## Task to carry out
Return only the lines of the data below from the line with "インド北部の小チベットといわ" up to and including the line with "ISO 3928:1999 - Sintered", exactly as written, with the pictures omitted.

## Provided entries
*** Block opens ***

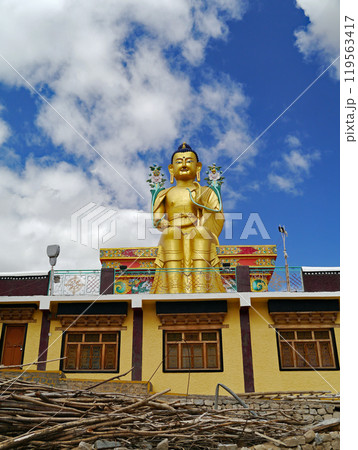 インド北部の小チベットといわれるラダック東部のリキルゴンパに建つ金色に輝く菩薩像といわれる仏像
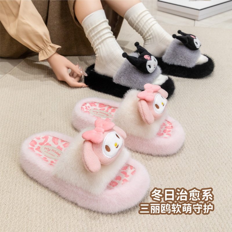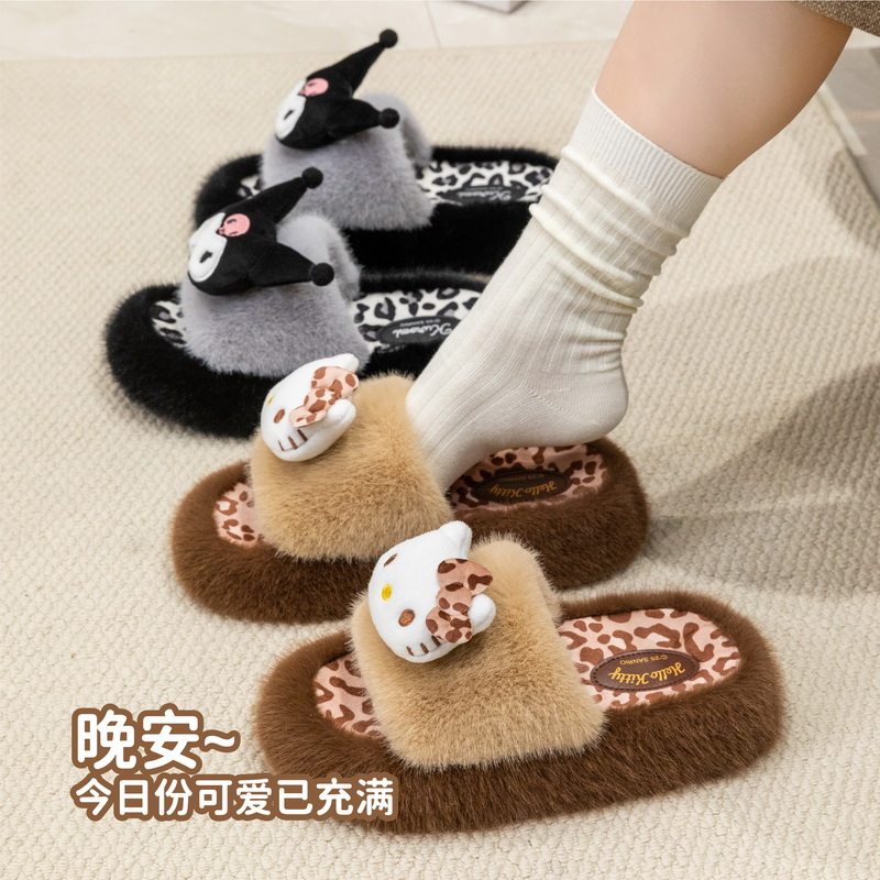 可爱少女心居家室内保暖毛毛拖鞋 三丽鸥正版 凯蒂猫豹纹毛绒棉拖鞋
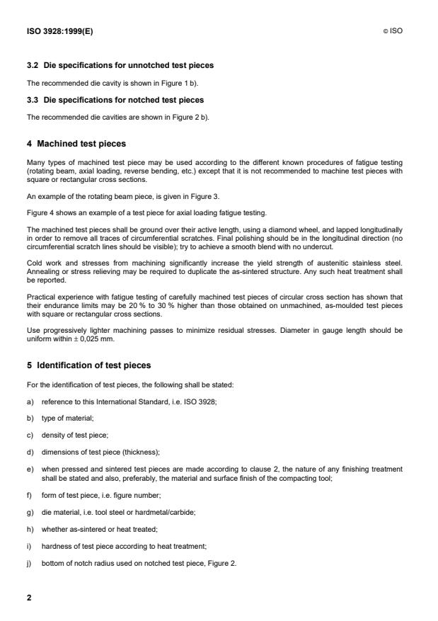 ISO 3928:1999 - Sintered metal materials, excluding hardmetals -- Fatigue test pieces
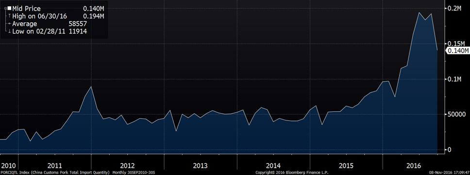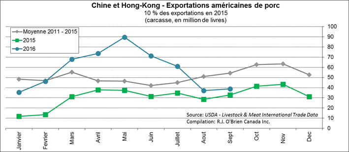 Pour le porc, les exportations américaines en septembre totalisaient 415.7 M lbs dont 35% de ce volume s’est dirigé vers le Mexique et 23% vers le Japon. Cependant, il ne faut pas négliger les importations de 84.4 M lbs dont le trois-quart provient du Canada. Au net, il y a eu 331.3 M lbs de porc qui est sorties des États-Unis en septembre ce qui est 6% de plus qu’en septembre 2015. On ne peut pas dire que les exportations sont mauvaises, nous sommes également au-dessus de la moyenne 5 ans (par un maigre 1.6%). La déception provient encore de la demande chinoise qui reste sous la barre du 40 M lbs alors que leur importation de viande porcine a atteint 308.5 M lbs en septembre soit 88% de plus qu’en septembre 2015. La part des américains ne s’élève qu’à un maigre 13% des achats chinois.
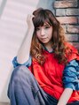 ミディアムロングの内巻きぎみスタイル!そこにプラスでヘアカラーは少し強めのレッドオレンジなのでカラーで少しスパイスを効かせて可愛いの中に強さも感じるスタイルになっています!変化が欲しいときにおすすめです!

*** Block closes ***
*** Block opens ***

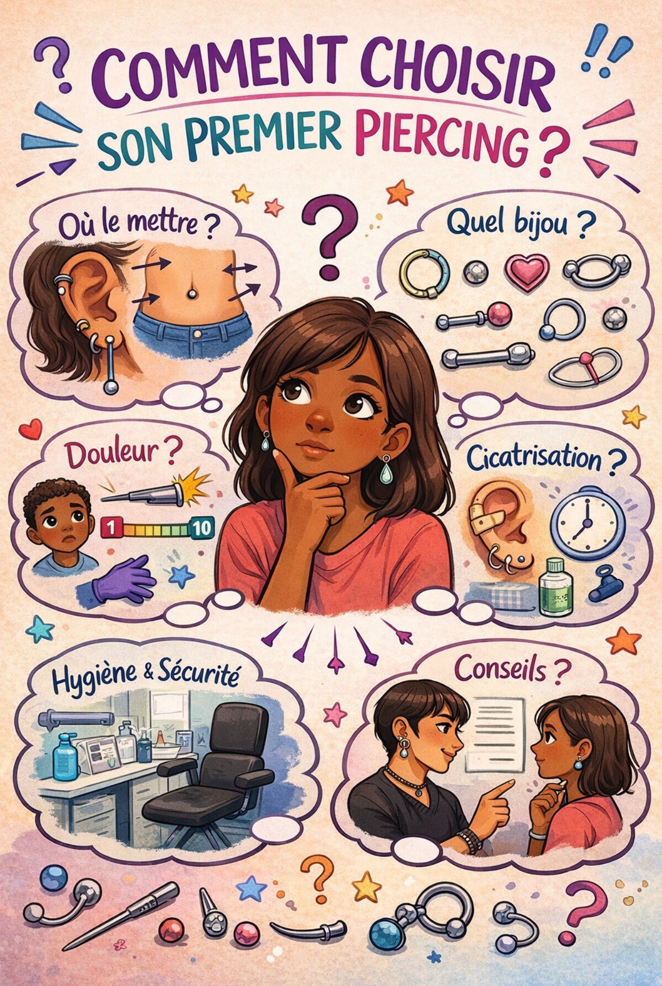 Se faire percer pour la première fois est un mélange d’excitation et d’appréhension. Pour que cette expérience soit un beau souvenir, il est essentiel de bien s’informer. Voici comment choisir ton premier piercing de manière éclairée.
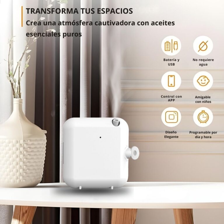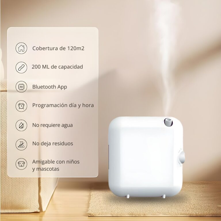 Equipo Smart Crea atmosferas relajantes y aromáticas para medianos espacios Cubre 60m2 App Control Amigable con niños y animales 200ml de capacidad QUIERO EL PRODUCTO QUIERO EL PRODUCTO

*** Block closes ***

## Result of the task
 インド北部の小チベットといわれるラダック東部のリキルゴンパに建つ金色に輝く菩薩像といわれる仏像
 可爱少女心居家室内保暖毛毛拖鞋 三丽鸥正版 凯蒂猫豹纹毛绒棉拖鞋
 ISO 3928:1999 - Sintered metal materials, excluding hardmetals -- Fatigue test pieces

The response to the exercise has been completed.